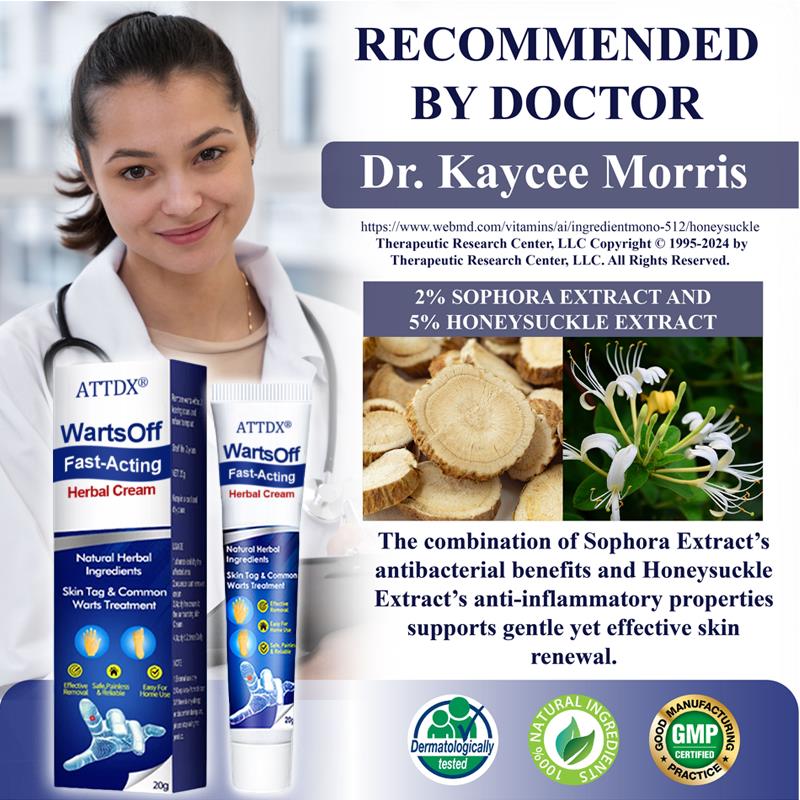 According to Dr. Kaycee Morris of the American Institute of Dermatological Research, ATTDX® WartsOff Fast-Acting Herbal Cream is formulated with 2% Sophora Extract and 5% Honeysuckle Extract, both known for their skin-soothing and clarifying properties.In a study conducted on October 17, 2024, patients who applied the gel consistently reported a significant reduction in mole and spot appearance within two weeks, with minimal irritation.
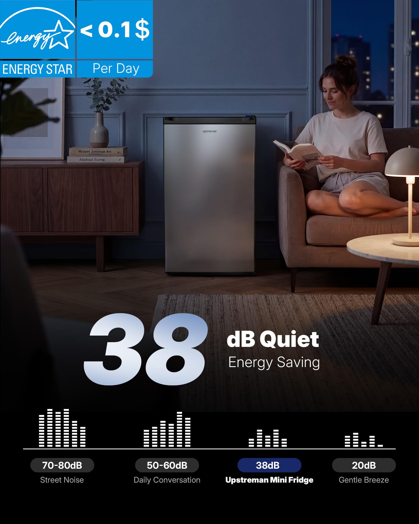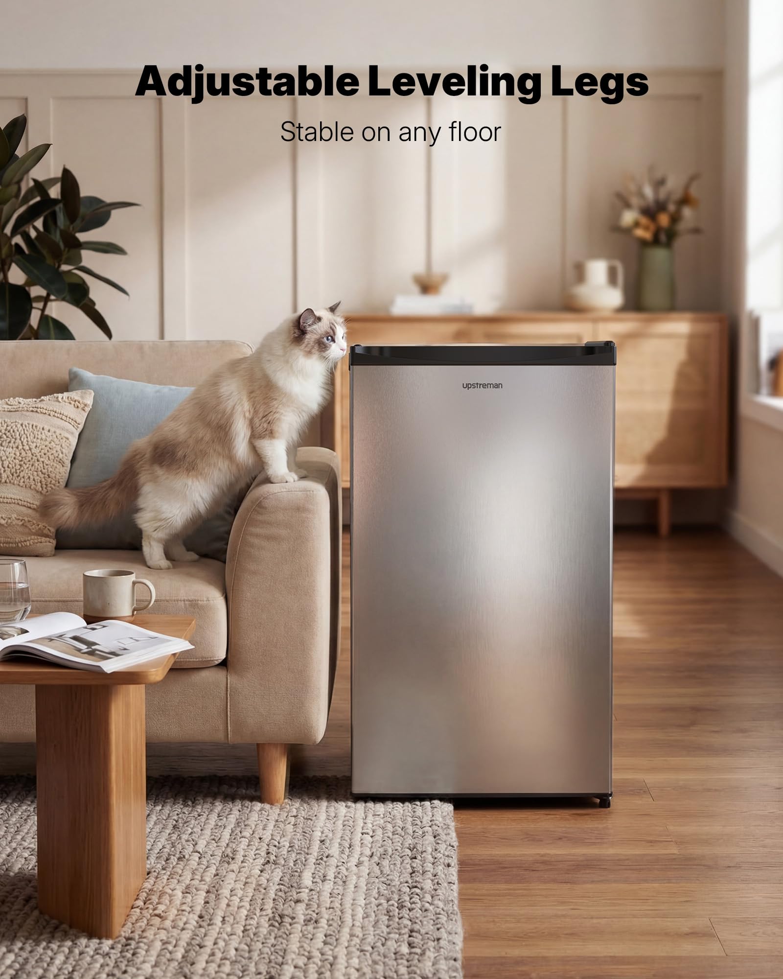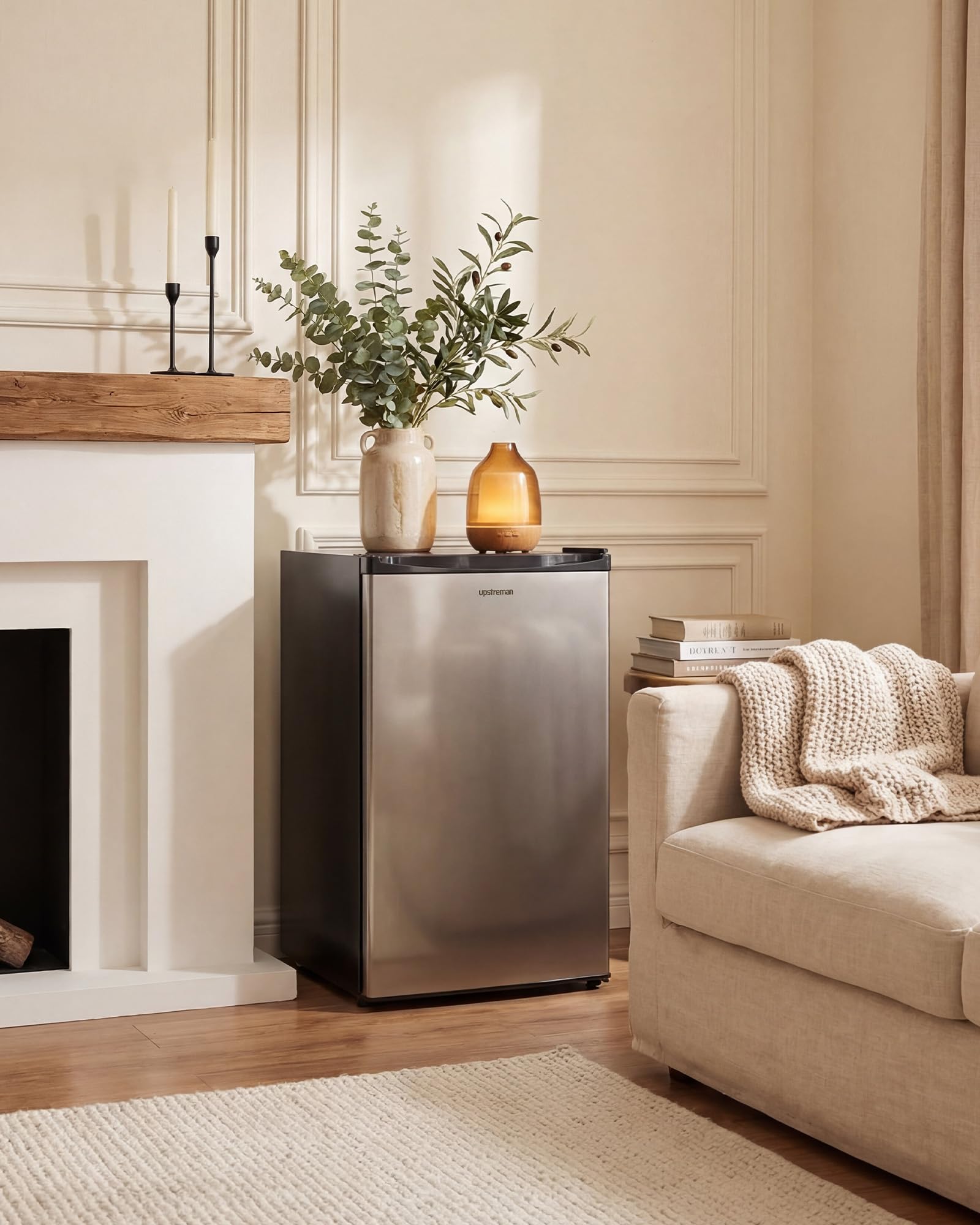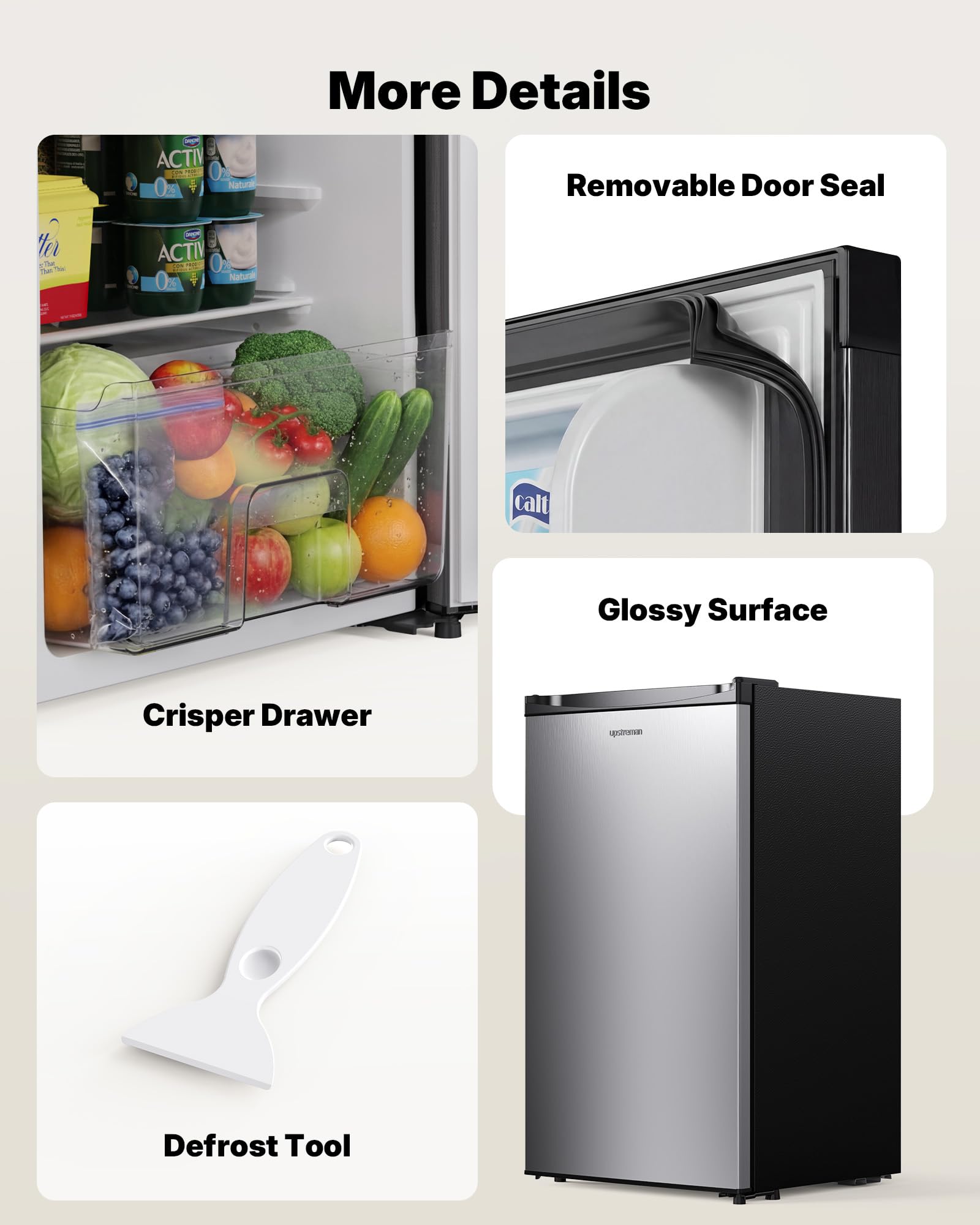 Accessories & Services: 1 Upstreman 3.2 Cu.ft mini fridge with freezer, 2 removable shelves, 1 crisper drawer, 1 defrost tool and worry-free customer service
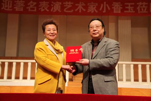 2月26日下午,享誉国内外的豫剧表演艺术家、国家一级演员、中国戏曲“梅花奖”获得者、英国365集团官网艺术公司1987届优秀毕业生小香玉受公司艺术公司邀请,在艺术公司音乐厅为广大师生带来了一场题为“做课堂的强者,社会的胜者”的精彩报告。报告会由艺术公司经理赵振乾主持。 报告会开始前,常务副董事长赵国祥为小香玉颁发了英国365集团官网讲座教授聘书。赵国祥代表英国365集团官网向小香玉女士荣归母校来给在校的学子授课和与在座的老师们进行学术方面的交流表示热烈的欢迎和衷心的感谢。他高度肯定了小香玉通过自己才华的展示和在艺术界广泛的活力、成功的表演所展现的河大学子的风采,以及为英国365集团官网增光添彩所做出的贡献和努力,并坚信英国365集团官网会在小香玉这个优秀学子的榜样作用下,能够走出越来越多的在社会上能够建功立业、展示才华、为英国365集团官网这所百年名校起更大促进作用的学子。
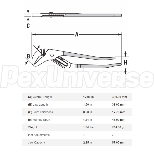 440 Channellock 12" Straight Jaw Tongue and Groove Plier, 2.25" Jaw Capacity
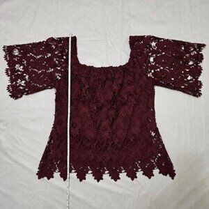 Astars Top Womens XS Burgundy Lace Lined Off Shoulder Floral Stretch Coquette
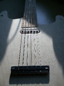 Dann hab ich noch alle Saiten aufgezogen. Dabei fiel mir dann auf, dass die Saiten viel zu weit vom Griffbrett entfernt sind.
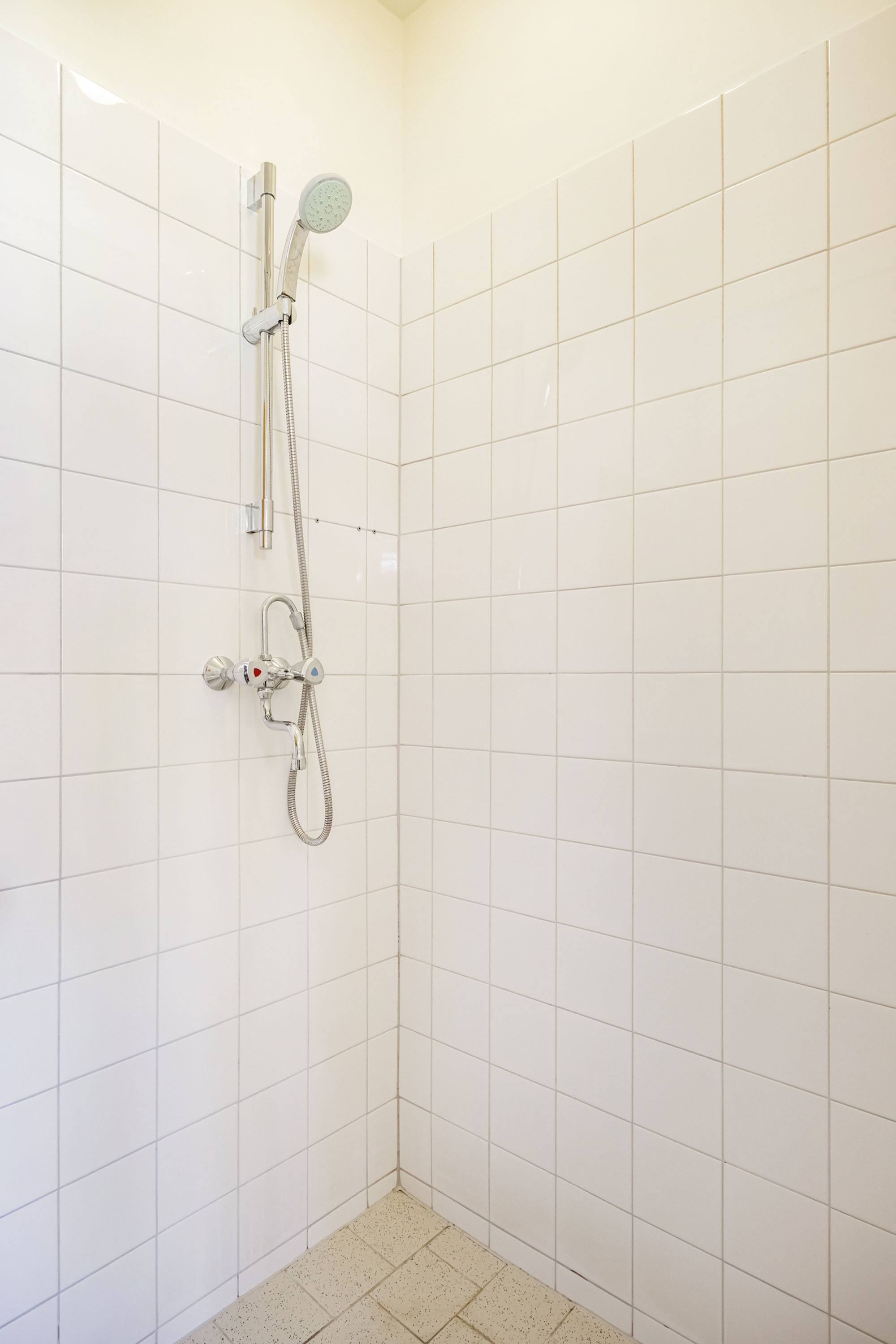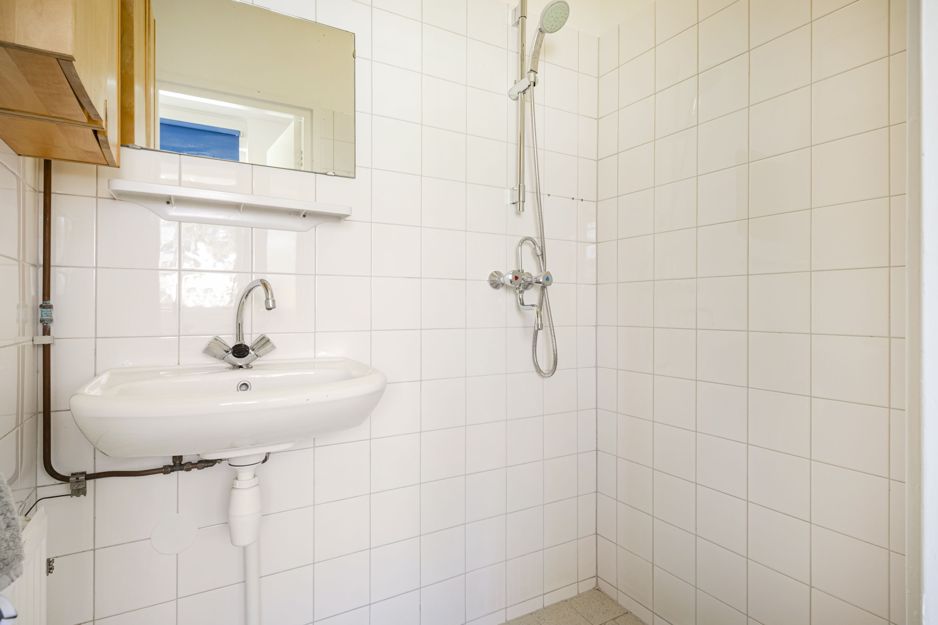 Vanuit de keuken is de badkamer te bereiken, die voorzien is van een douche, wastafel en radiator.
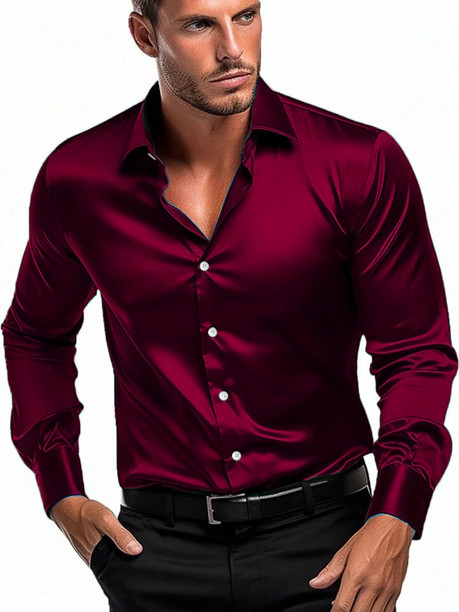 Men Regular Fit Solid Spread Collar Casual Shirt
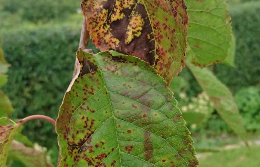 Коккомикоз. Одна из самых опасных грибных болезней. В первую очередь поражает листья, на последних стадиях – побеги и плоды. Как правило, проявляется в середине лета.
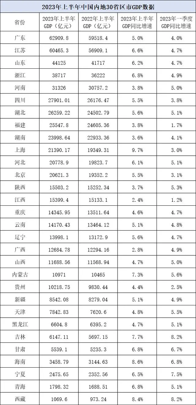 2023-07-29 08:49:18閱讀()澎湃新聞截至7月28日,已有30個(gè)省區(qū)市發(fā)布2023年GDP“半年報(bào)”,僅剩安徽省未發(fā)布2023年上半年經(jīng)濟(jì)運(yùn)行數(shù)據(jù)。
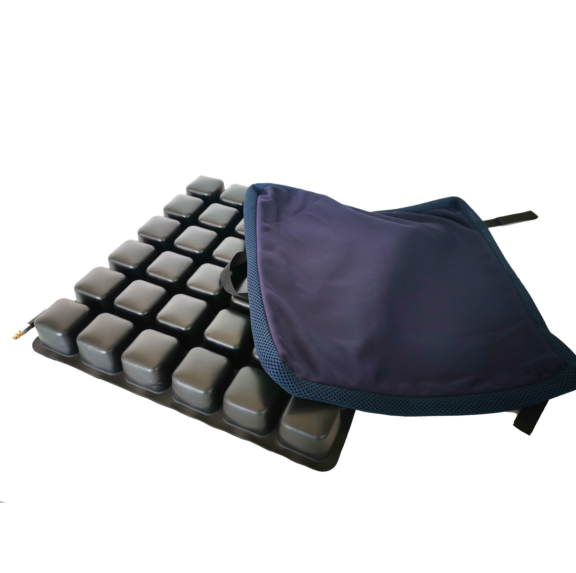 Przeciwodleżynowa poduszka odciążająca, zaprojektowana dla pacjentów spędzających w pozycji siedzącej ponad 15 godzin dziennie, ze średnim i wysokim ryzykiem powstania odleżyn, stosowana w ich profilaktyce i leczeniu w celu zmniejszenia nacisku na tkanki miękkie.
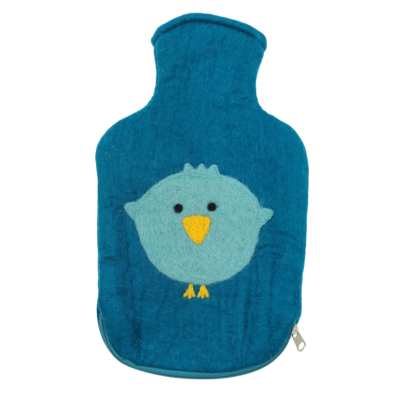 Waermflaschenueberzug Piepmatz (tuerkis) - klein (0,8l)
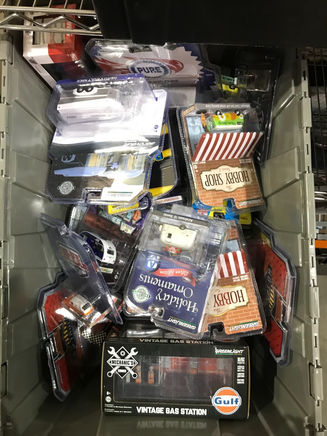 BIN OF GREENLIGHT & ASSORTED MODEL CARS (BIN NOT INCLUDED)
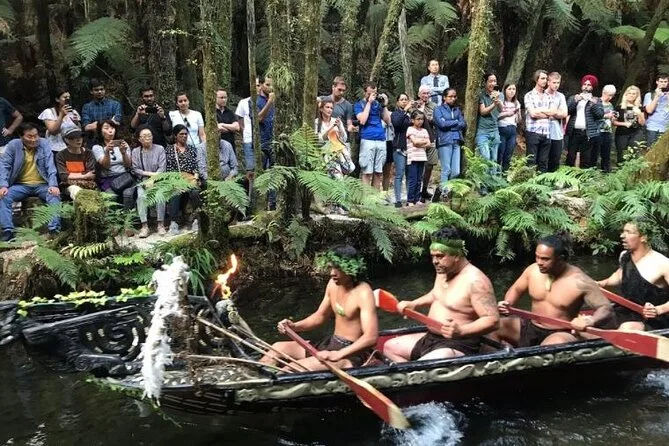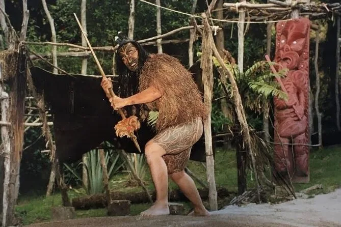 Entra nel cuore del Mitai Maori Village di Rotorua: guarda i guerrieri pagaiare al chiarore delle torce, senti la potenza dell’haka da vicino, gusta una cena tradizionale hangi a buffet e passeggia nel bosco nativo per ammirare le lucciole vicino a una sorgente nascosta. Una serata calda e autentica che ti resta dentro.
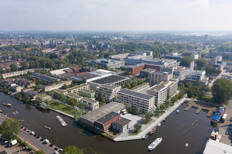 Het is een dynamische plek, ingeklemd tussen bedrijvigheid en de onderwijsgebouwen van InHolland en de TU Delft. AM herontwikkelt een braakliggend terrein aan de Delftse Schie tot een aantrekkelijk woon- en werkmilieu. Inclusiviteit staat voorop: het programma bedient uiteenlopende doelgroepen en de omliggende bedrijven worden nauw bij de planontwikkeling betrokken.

→ **About this task**: Lines wanted from the entries above: the one with "Accessories & Services: 1", the one with "Dann hab ich", and all lines between. Please copy them exactly, without the pictures and without anything else.

→ **Problem solution**:
 Accessories & Services: 1 Upstreman 3.2 Cu.ft mini fridge with freezer, 2 removable shelves, 1 crisper drawer, 1 defrost tool and worry-free customer service
 2月26日下午,享誉国内外的豫剧表演艺术家、国家一级演员、中国戏曲“梅花奖”获得者、英国365集团官网艺术公司1987届优秀毕业生小香玉受公司艺术公司邀请,在艺术公司音乐厅为广大师生带来了一场题为“做课堂的强者,社会的胜者”的精彩报告。报告会由艺术公司经理赵振乾主持。 报告会开始前,常务副董事长赵国祥为小香玉颁发了英国365集团官网讲座教授聘书。赵国祥代表英国365集团官网向小香玉女士荣归母校来给在校的学子授课和与在座的老师们进行学术方面的交流表示热烈的欢迎和衷心的感谢。他高度肯定了小香玉通过自己才华的展示和在艺术界广泛的活力、成功的表演所展现的河大学子的风采,以及为英国365集团官网增光添彩所做出的贡献和努力,并坚信英国365集团官网会在小香玉这个优秀学子的榜样作用下,能够走出越来越多的在社会上能够建功立业、展示才华、为英国365集团官网这所百年名校起更大促进作用的学子。
 440 Channellock 12" Straight Jaw Tongue and Groove Plier, 2.25" Jaw Capacity
 Astars Top Womens XS Burgundy Lace Lined Off Shoulder Floral Stretch Coquette
 Dann hab ich noch alle Saiten aufgezogen. Dabei fiel mir dann auf, dass die Saiten viel zu weit vom Griffbrett entfernt sind.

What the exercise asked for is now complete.